Eine Gegend mit Sommerhäusern, in nächtliches Dunkel gehüllt. Vom Dorfglockenturm schlägt es eins. Die Rechtsanwälte Kozjavkin und Laev, beide bester Laune und leicht schwankend, kommen aus dem Wald und begeben sich auf die Sommerhäuser zu.
– Dem Schöpfer sei Dank, da sind wir … – Kozjavkin atmet auf. – In unserem Zustand fünf Verst auf Schusters Rappen von der Bahnstation, das ist eine Heldentat. Bin hundemüde. Und, wie zum Ärger, natürlich keine Droschke.
– Petja, mein Bester … ich kann nicht mehr! Wenn ich nicht in fünf Minuten im Bett bin, sterbe ich, scheint mir …
– Im Be-hett? Ach was, sei nicht albern, Freund! Zuerst essen wir mal zu Abend, trinken ein Gläschen Roten, und dann meinetwegen ins Bett. Veročka und ich lassen dich nicht gleich schlafen … Ach, ist das schön, mein Freund, verheiratet zu sein! Du verstehst das nicht, du harte Seele! Ich komme jetzt müde, geplagt nach Hause … mich empfängt eine liebende Ehefrau, gibt mir Tee zu trinken, gibt mir zu essen, und als Dank für meine Arbeit, meine Liebe, blickt sie mich mit ihren schwarzen Äuglein so zärtlich und empfänglich an, daß ich alles vergesse, mein Freund, die Müdigkeit, den Einbruchsdiebstahl, den Gerichtshof, das Kassationsdepartement … Schö-ön ist das!
– Aber … ich habe das Gefühl, mir fallen die Beine ab … Ich kann kaum laufen … Und habe einen so schrecklichen Durst …
– Da sind wir auch schon zu Hause.
Die Freunde nähern sich einem der Sommerhäuser und bleiben vor dem ersten Fenster stehen.
– Ein feines kleines Sommerhaus, – sagt Kozjavkin. – Morgen siehst du, was es hier für Aussichten gibt! Kein Licht in den Fenstern. Also hat sich Veročka schon hingelegt, hat nicht auf uns warten wollen. Jetzt liegt sie im Bett und quält sich sicher, weil ich immer noch nicht da bin … (stupst mit dem Spazierstock gegen das Fenster, das sich öffnet). Wie unerschrocken sie ist, legt sich ins Bett und schließt die Fenster nicht ab. Heiß ist mir! Los, bringen wir ihr eine Serenade, damit sie lacht … (singt): »Der Mond schwimmt stille durch die Nacht … Ein laues Lüftlein weht … ein laues Lüftlein geht« … Sing, Alëša! Veročka, sollen wir dir eine Schubert-Serenade vorsingen? (singt): »Lei-hei-se fle-hehen mei-ne Lie-hie-der« … (die Stimme bricht in einem Krampfhusten ab). Tffu! Veročka, sag doch Aksinja, sie soll uns das Gartentor aufschließen! (Pause).
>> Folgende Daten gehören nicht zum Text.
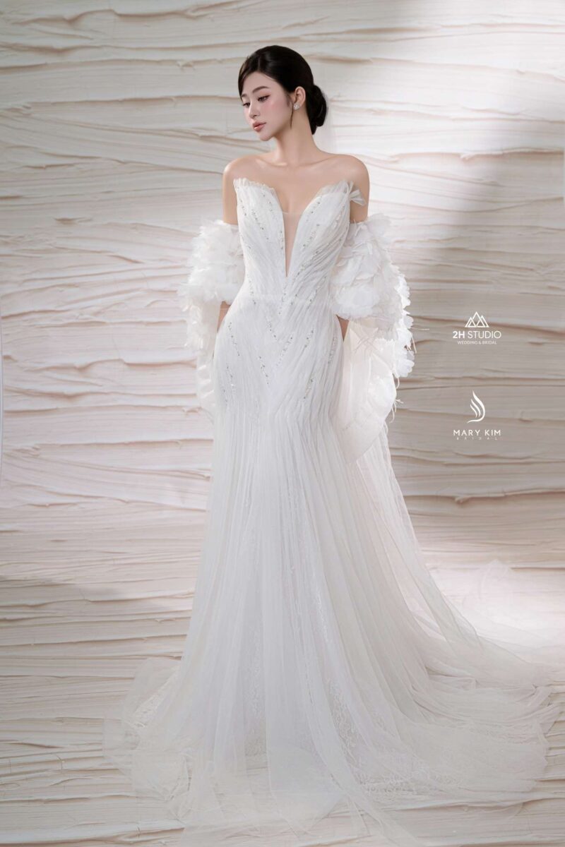 Váy cưới cổ yếm ấn tượng của thương hiệu Mary Kim tại 2H STUDIO

Veročka! Sei nicht faul, steh auf, Liebste! (stellt sich auf einen Stein und schaut zum Fenster hinein). Verunčik, Mumočka, Verevjunčik … mein Engelchen, meine unvergleichliche Ehefrau, steh auf und sag Aksinja, sie soll uns das Gartentor aufschließen! Du schläfst doch nicht! Mamočka, bei Gott, wir sind so müde und entkräftet, uns steht der Sinn nicht nach Scherzen! Ja hörst du oder nicht? Ah, hols der Teufel! (macht den Versuch, durchs Fenster zu klettern, und rutscht ab). Vielleicht sind unserm Gast diese Scherze unangenehm! Vera, ich sehe, du bist immer noch dieselbe Institutsschülerin, hast nichts als Unfug im Kopf …
– Aber vielleicht schläft Vera Stepanovna! – sagt Laev.
– Sie schläft nicht! Sie möchte wahrscheinlich, daß ich Lärm schlage und alle Nachbarn in Aufruhr versetze! Ich fange langsam an, mich zu ärgern, Vera! Ach, hols der Teufel! Hilf mir rauf, Alëša, ich klettre hinein! Ein ungezogenes Mädchen bist du, ein Schulmädchen und weiter nichts! … Hilf mir rauf!
Schnaufend hilft Laev Kozjavkin hinauf. Der klettert zum Fenster hinein und verschwindet im Dunkel des Zimmers.
– Verka! – hört Laev einen Augenblick später. – Wo bist du? Tteuffel … Tffu, ich habe mir an irgendwas die Hand beschmutzt! Tffu!
Ein Rascheln ist zu hören, Flügelschlagen und das verzweifelte Gackern eines Huhns.